TASK DIRECTIONS
Copy out only the lines running from the one that contains "アユタヤでは念願の象乗り体験" through the end of the listing. Pictures stay out.

DATA
* * * *

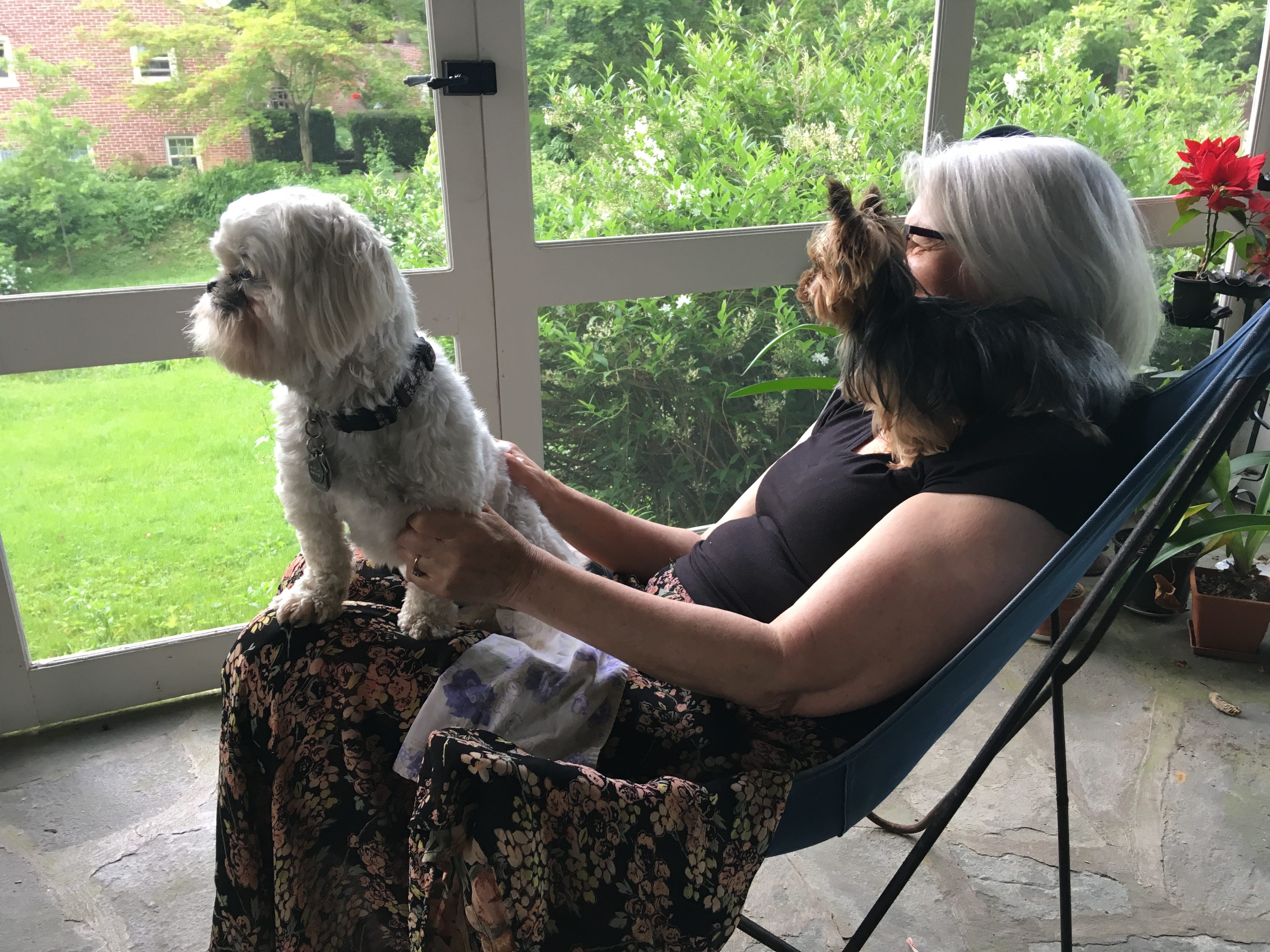I open up the side porch, and sweep up all the winter dirt. The dogs and I sit in the sun, listening. Isabela, hopeful that she can magically transport herself next to the rabbit on the lawn, thrills an undertone growl and pants.
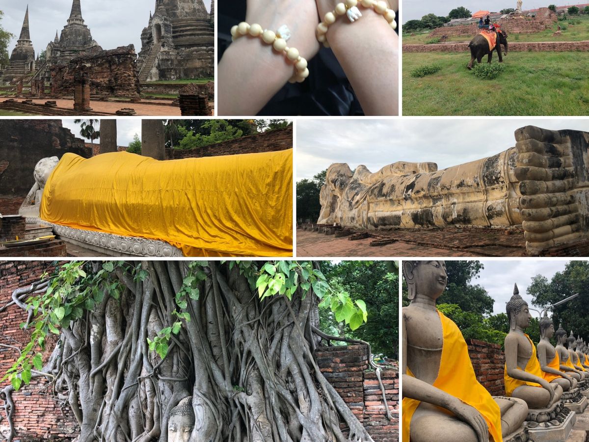 アユタヤでは念願の象乗り体験。あれもこれも(象乗り+象の鼻に巻かれる+写真購入+アクセサリー売られる)していたらまあまあのお金が必要でしたが、私達はそれも目的の一つだったのでとても満足できました。不要なら、お断りできる雰囲気でした。
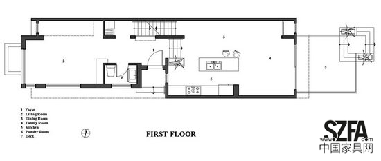 這個線性設(shè)計的靈感誕生于狹窄基地的挑戰(zhàn)。盡管測量起來也只有二十英尺寬,但是內(nèi)部空間卻給人以更加寬敞的感覺,只是為了達(dá)到協(xié)調(diào)線形設(shè)計的設(shè)計意圖,并且創(chuàng)造性的開發(fā)了開放空間。這個設(shè)計的結(jié)果就是營造了一種寬敞的空間,自然光線的進(jìn)入絲毫不受阻礙。有意的定向貫穿房間來創(chuàng)造了一個可以產(chǎn)生一個有活力生存空間的光明。

* * * *

RESULT
 アユタヤでは念願の象乗り体験。あれもこれも(象乗り+象の鼻に巻かれる+写真購入+アクセサリー売られる)していたらまあまあのお金が必要でしたが、私達はそれも目的の一つだったのでとても満足できました。不要なら、お断りできる雰囲気でした。
 這個線性設(shè)計的靈感誕生于狹窄基地的挑戰(zhàn)。盡管測量起來也只有二十英尺寬,但是內(nèi)部空間卻給人以更加寬敞的感覺,只是為了達(dá)到協(xié)調(diào)線形設(shè)計的設(shè)計意圖,并且創(chuàng)造性的開發(fā)了開放空間。這個設(shè)計的結(jié)果就是營造了一種寬敞的空間,自然光線的進(jìn)入絲毫不受阻礙。有意的定向貫穿房間來創(chuàng)造了一個可以產(chǎn)生一個有活力生存空間的光明。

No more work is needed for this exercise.